Indeed, conditions bode well for productivity going forward because a lot of attention is being paid to it by players like software publishers, scientific researchers, and developers of data processing and hosting to raise productivity levels for others. All the money that is being spent to compete in the AI arms race will surely pay off in productivity gains and profitability.
Productivity is a magical concept. It’s that dark matter which can at times make a big difference as to whether the economy is heading north or south. Adhering to Say’s law that supply creates its own demand, one might agree with me that the rise in the labour force, combined with the one in productivity led to another steep rise 5.9% (saar) in wages and and salaries for workers, furnishing consumers with the the spending power to buy goods and services, which incidentally also rose 5.9%.
Inflation Accelerated
Unfortunately, the productivity boom was unable to contain the inflationary pressure stemming from the persistent strength of consumer demand. The core personal consumption expenditures deflator (PCED). a number the Fed watches closely, accelerated at a greater-than-expected 3.7% (saar) in Q1/24 compared to 2.0% in Q4 and 2.0% in Q3 of last year. From the standpoint of inflation, this flare-up is the worst thing that could have happened to confidence for it challenged the deflationary story. Nonetheless, the disinflation trend remains intact. Core PCED inflation continued to moderate on a y/y basis to 2.9%; and on Friday morning, the Bureau of Economic Analysis (BEA) printed a 0.3% increase in the PCE price index, both core and headline, matching expectations, with the former registering a y/y gain of 2.8%.

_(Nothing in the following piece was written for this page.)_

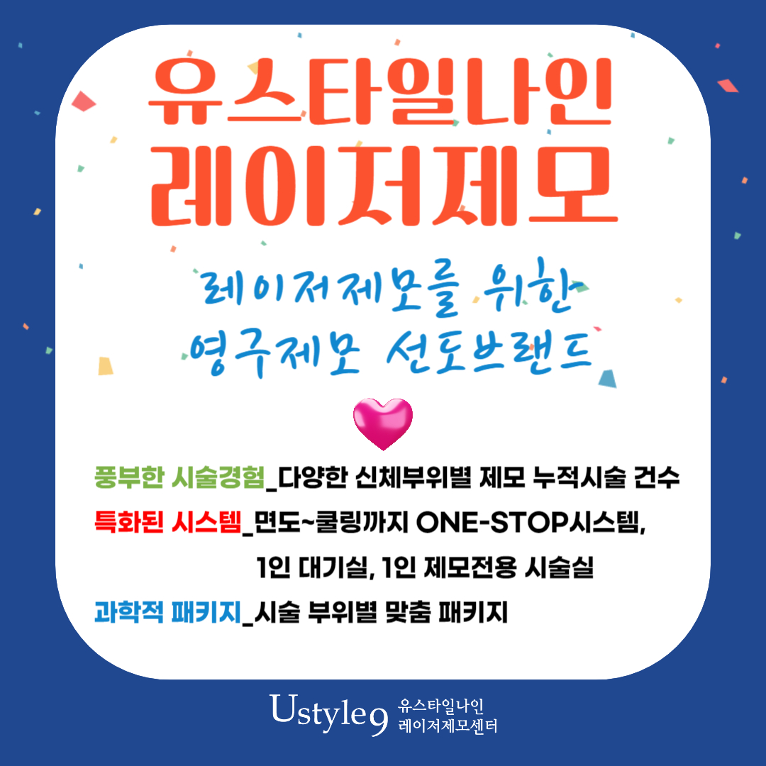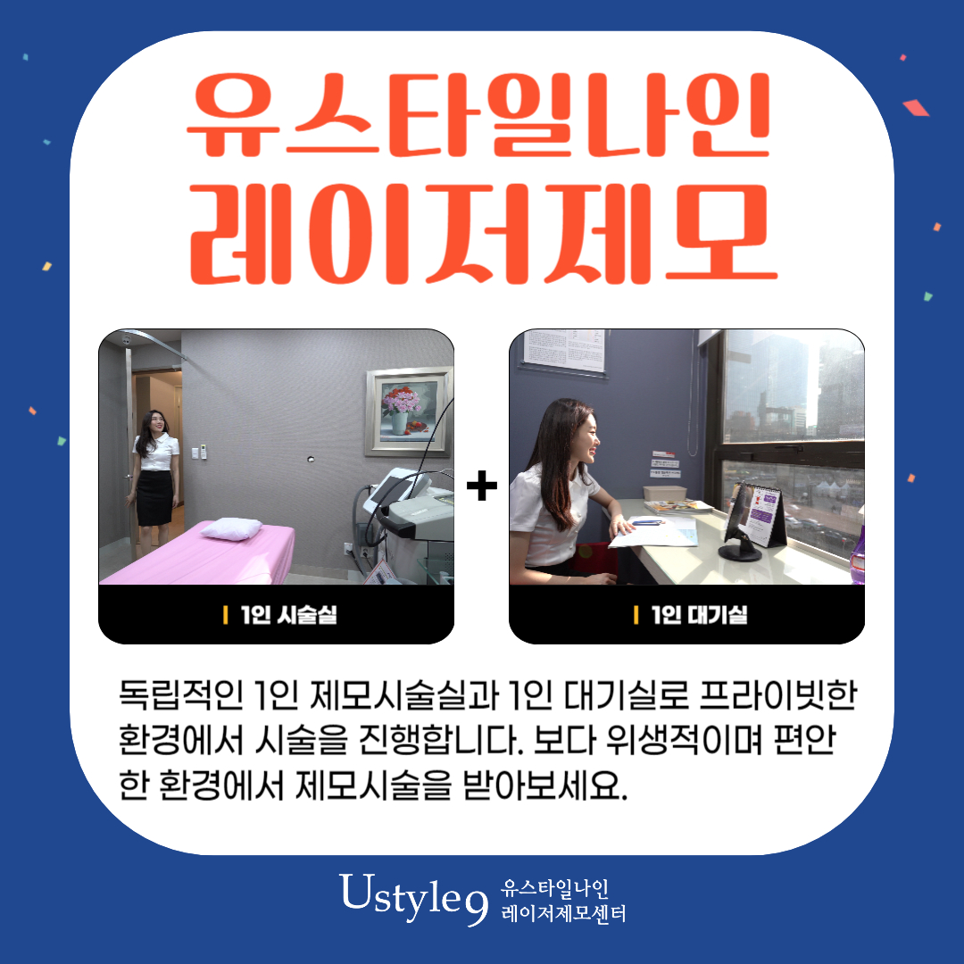 또 현재 유스타일나인에서 제모하신다면 여성분들은 겨드랑이제모 서비스도 받아보실 수 있고 원 바이 원 서비스도 함께 이용해 볼 수 있으니 상담 받아보시는 건 어떠실까요? 좁은이마는 물론이고 뒷목이 덥수룩한 털들도 정리할 수 있으니 세부적으로 원하는 부위에 대한 상담 진행해 보세요~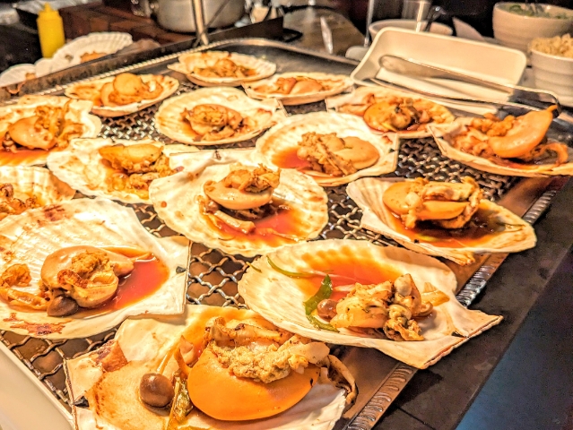 夕食は、レストラン ラ・メールにてビュッフェスタイル。ライブキッチンもあり、焼き立てステーキや天ぷら、ホタテ浜焼きなど、いろいろなメニューが揃っています。

The Financial Markets Took a Hit
The combination of slower growth and hotter inflation was enough to send a stagflationary shudder through bond markets. In this connection, the yields on 2-year Treasuries touched 5.00% as traders pushed back on rate pricing to December. I don't want to give investors a false sense of security, but the stagflation fear is probably a “bridge too far.” It perhaps explains why it did not spook the U.S. dollar or gold. markets, which held their ground, suggesting that we should not worry too much about these two data points, which most economists had anticipated a month ago anyway. The thing is that neither the ongoing performance of employment nor productivity have collapsed, suggesting that there is no evidence a recession is in our midst. As a matter of fact, the initial estimate of Q2 GDP growth calculated by the Atlanta Fed is 3.9%. This number will come down. Yes, the pace of economic activity is bound to fall toward an annual rate of around 1.75%. Ultimately consumer spending will weaken now that the personal savings rate was only 3.2% in March - the lowest point in years - at a time when supply of the working-age population is shrinking.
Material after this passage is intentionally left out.